§ **INSTRUCTIONS TO FOLLOW**:
Set the images aside and retype the whole listing exactly.

§ **DATASET SECTION**:
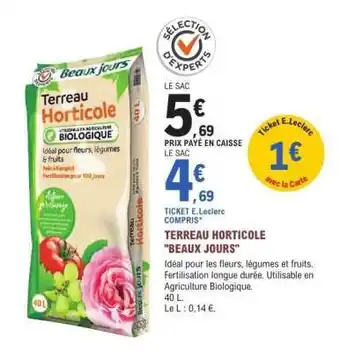 TERREAU HORTICOLE BEAUX JOURS offres et promotions en ligne chez E.Leclerc
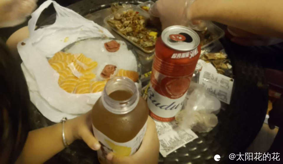 晚上准备睡觉被叫起来吃宵夜,第一次吃潮汕生腌、三文鱼、鹅肝,我是来凑热闹的,吃不习惯这些生的东西,尝了一口也算是吃过传说中的“潮汕毒药”了……
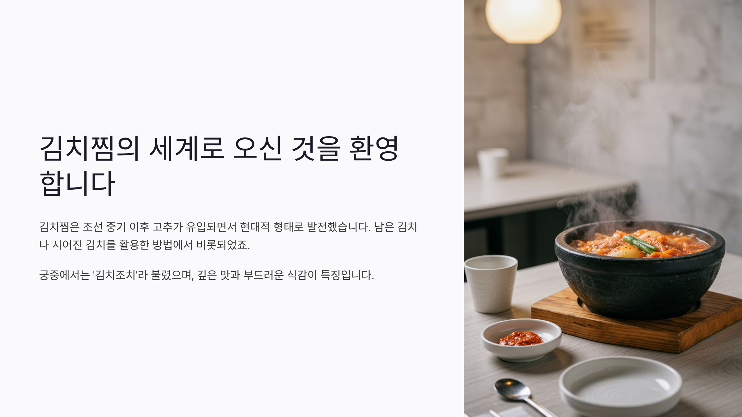 오늘은 김치찜에 대해 알아보았어요! 😊 깊고 진한 묵은지의 감칠맛과 부드러운 돼지고기의 조화, 거기에 밥 한 공기만 있으면 완벽한 한 끼가 완성되죠!

§ **EXERCISE ANSWER**:
 TERREAU HORTICOLE BEAUX JOURS offres et promotions en ligne chez E.Leclerc
 晚上准备睡觉被叫起来吃宵夜,第一次吃潮汕生腌、三文鱼、鹅肝,我是来凑热闹的,吃不习惯这些生的东西,尝了一口也算是吃过传说中的“潮汕毒药”了……
 오늘은 김치찜에 대해 알아보았어요! 😊 깊고 진한 묵은지의 감칠맛과 부드러운 돼지고기의 조화, 거기에 밥 한 공기만 있으면 완벽한 한 끼가 완성되죠!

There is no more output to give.